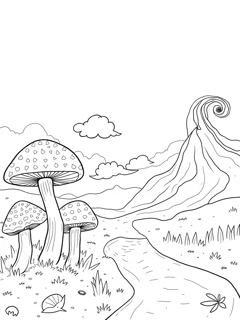Oversized Mushrooms and a Crystal River Landscape Coloring Page
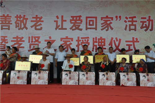 大會(huì)開始之前,來自該鄉(xiāng)20個(gè)行政村的廣場(chǎng)舞代表隊(duì)、戲曲代表隊(duì)、嗩吶代表隊(duì)先后出場(chǎng),訾秀玲一曲《黃土高坡》贏得全場(chǎng)觀眾雷鳴般掌聲。緊接著,好兒子、好媳婦代表上臺(tái)為自己的父母磕了3個(gè)響頭,以表達(dá)對(duì)父母養(yǎng)育之恩的感激之情,老人們臉上流露出激動(dòng)和幸福的淚水,現(xiàn)場(chǎng)掌聲經(jīng)久不息??h領(lǐng)導(dǎo)在主席臺(tái)上為36個(gè)孝賢之家授牌,并向獲獎(jiǎng)?wù)弑硎咀YR。據(jù)介紹,該鄉(xiāng)自開展孝善敬老接老人回家活動(dòng)以來,已有200多名獨(dú)居老人被兒子、媳婦接回家居住。為了表彰接老人回家的好兒子、好媳婦和孝賢之家,該鄉(xiāng)組織、策劃了這次大型活動(dòng)。
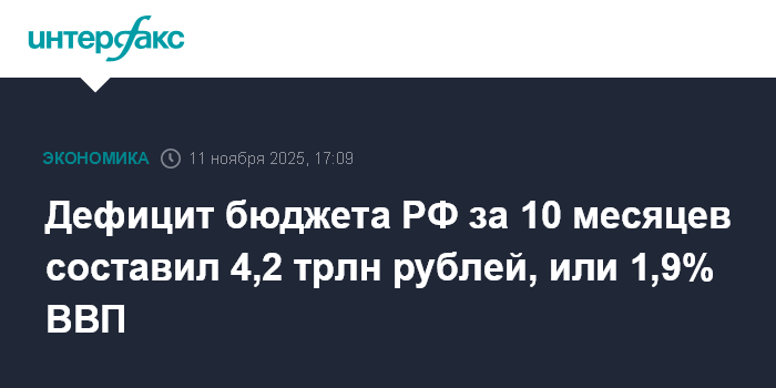 Дефицит бюджета РФ за 10 месяцев составил 4,2 трлн рублей, или 1,9% ВВП
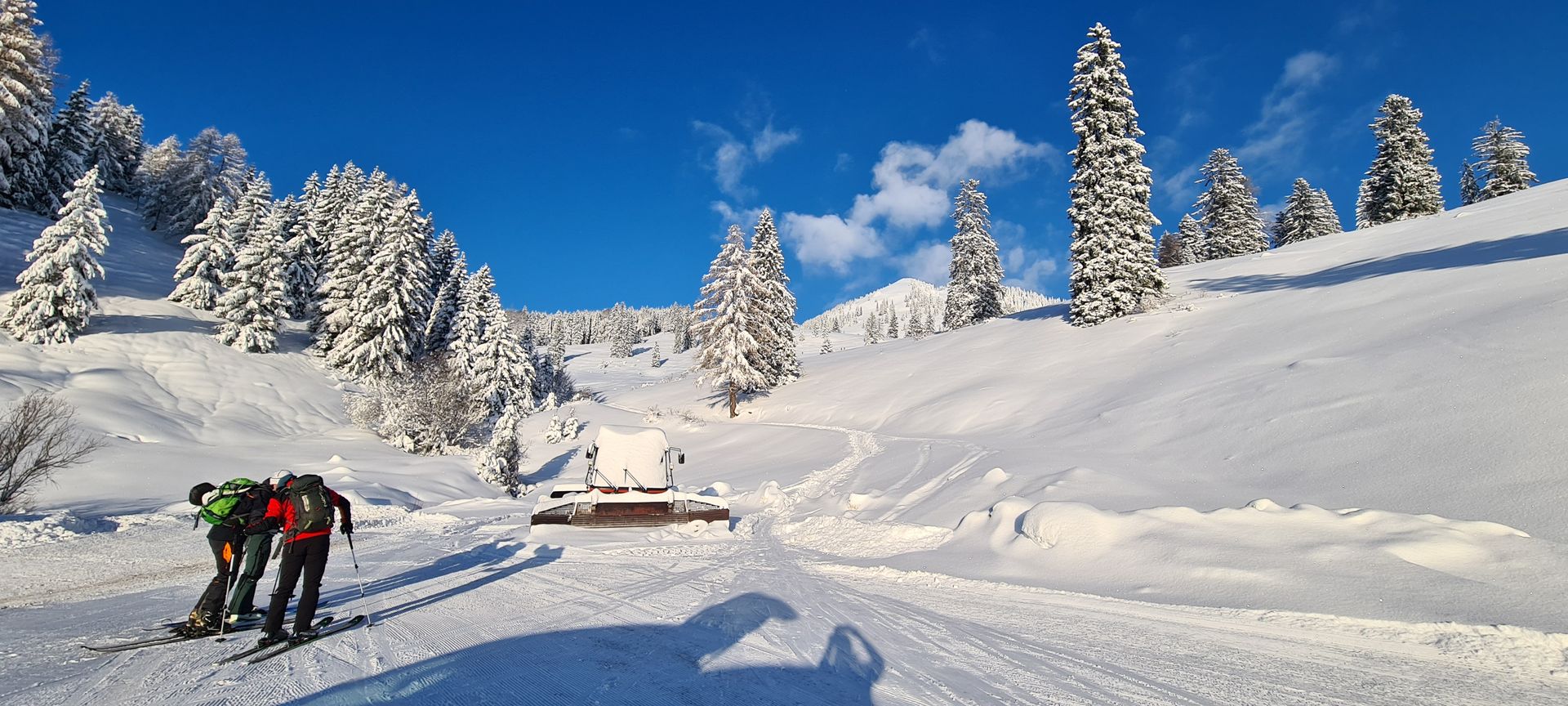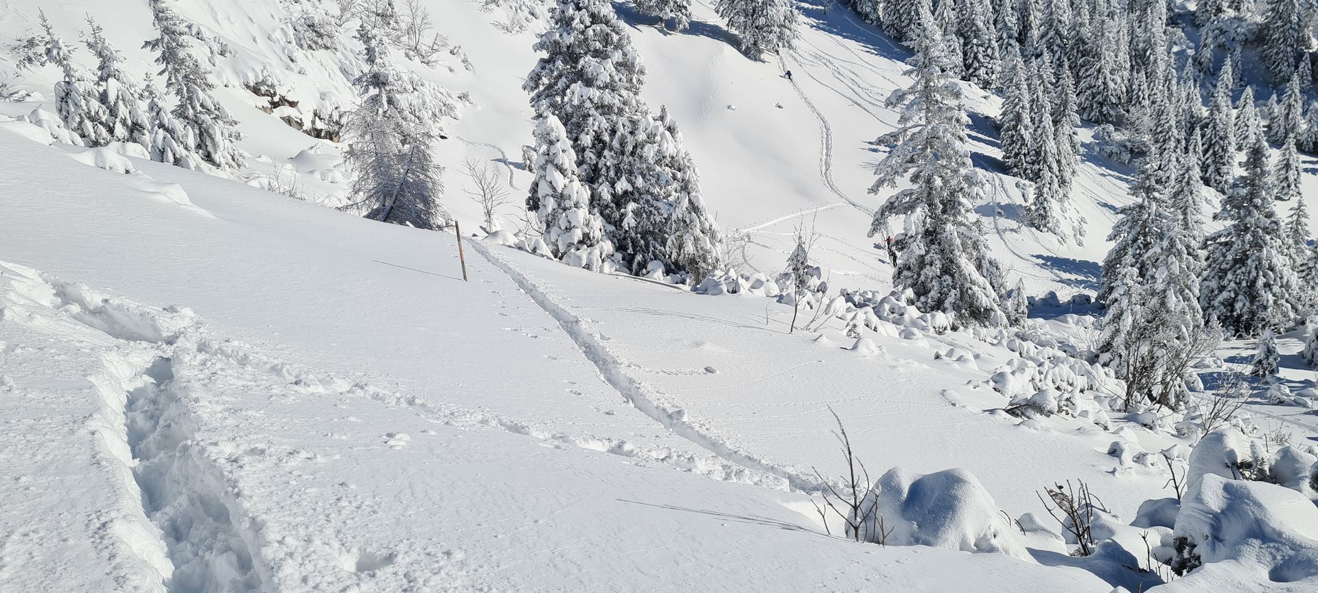 Gefahreneinschätzung: Auf der Normalroute, die übrigens am Morgen nur bis unter das Seewandköpfl gespurt war, unterhalb der Waldgrenze eher mäßige Gefahr: Keine Windzeichen, kein Durchbrechen, die Schneedecke wirkte hier sehr homogen und der Neuschnee hat sich gut mit dem Altschnee verbunden. Bei der Abfahrt in den Soinkessel fühlte sich der Schneedeckenaufbau anders, nicht so homogen an, aber ich habe nicht reingeschaut und es war mehr ein Gefühl.
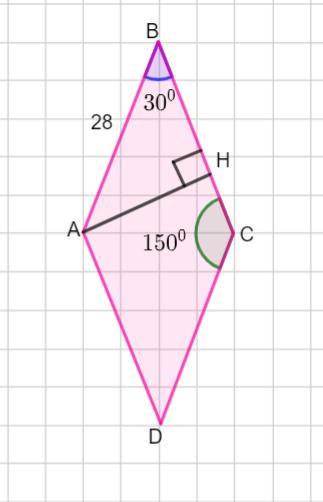 Сторона ромба равна 28, а один из углов этого ромба равен 150. Найдите высоту этого ромба.
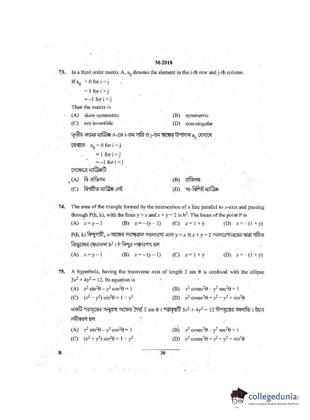 WBJEE 2018 Mathematics Question paper with answer key pdf conducted on Apr-22 in Forenoon Session is available for download. The exam was successfully organized by West Bengal Joint Entrance Examination Board (WBJEEB). In terms of difficulty level, WBJEE was of Easy level. The question paper comprised a total of 75 questions.
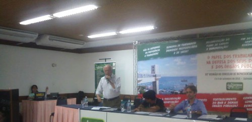 O Representante da AFBNB da cidade de Morro do Chapéu, Luíz Henrique Barbosa (Lula), está participando e acompanhando os debates durante toda a reunião em Salvador (BA). O Presidente da Federação dos Bancários da Bahia e Sergipe, Emanoel Souza, participou da mesa de abertura do evento.

■ ■ ■ ■ ■

* Problem
Word for word, write out each of the records, but not the pictures.

* Result
Oversized Mushrooms and a Crystal River Landscape Coloring Page
 大會(huì)開始之前,來自該鄉(xiāng)20個(gè)行政村的廣場(chǎng)舞代表隊(duì)、戲曲代表隊(duì)、嗩吶代表隊(duì)先后出場(chǎng),訾秀玲一曲《黃土高坡》贏得全場(chǎng)觀眾雷鳴般掌聲。緊接著,好兒子、好媳婦代表上臺(tái)為自己的父母磕了3個(gè)響頭,以表達(dá)對(duì)父母養(yǎng)育之恩的感激之情,老人們臉上流露出激動(dòng)和幸福的淚水,現(xiàn)場(chǎng)掌聲經(jīng)久不息??h領(lǐng)導(dǎo)在主席臺(tái)上為36個(gè)孝賢之家授牌,并向獲獎(jiǎng)?wù)弑硎咀YR。據(jù)介紹,該鄉(xiāng)自開展孝善敬老接老人回家活動(dòng)以來,已有200多名獨(dú)居老人被兒子、媳婦接回家居住。為了表彰接老人回家的好兒子、好媳婦和孝賢之家,該鄉(xiāng)組織、策劃了這次大型活動(dòng)。
 Дефицит бюджета РФ за 10 месяцев составил 4,2 трлн рублей, или 1,9% ВВП
 Gefahreneinschätzung: Auf der Normalroute, die übrigens am Morgen nur bis unter das Seewandköpfl gespurt war, unterhalb der Waldgrenze eher mäßige Gefahr: Keine Windzeichen, kein Durchbrechen, die Schneedecke wirkte hier sehr homogen und der Neuschnee hat sich gut mit dem Altschnee verbunden. Bei der Abfahrt in den Soinkessel fühlte sich der Schneedeckenaufbau anders, nicht so homogen an, aber ich habe nicht reingeschaut und es war mehr ein Gefühl.
 Сторона ромба равна 28, а один из углов этого ромба равен 150. Найдите высоту этого ромба.
 WBJEE 2018 Mathematics Question paper with answer key pdf conducted on Apr-22 in Forenoon Session is available for download. The exam was successfully organized by West Bengal Joint Entrance Examination Board (WBJEEB). In terms of difficulty level, WBJEE was of Easy level. The question paper comprised a total of 75 questions.
 O Representante da AFBNB da cidade de Morro do Chapéu, Luíz Henrique Barbosa (Lula), está participando e acompanhando os debates durante toda a reunião em Salvador (BA). O Presidente da Federação dos Bancários da Bahia e Sergipe, Emanoel Souza, participou da mesa de abertura do evento.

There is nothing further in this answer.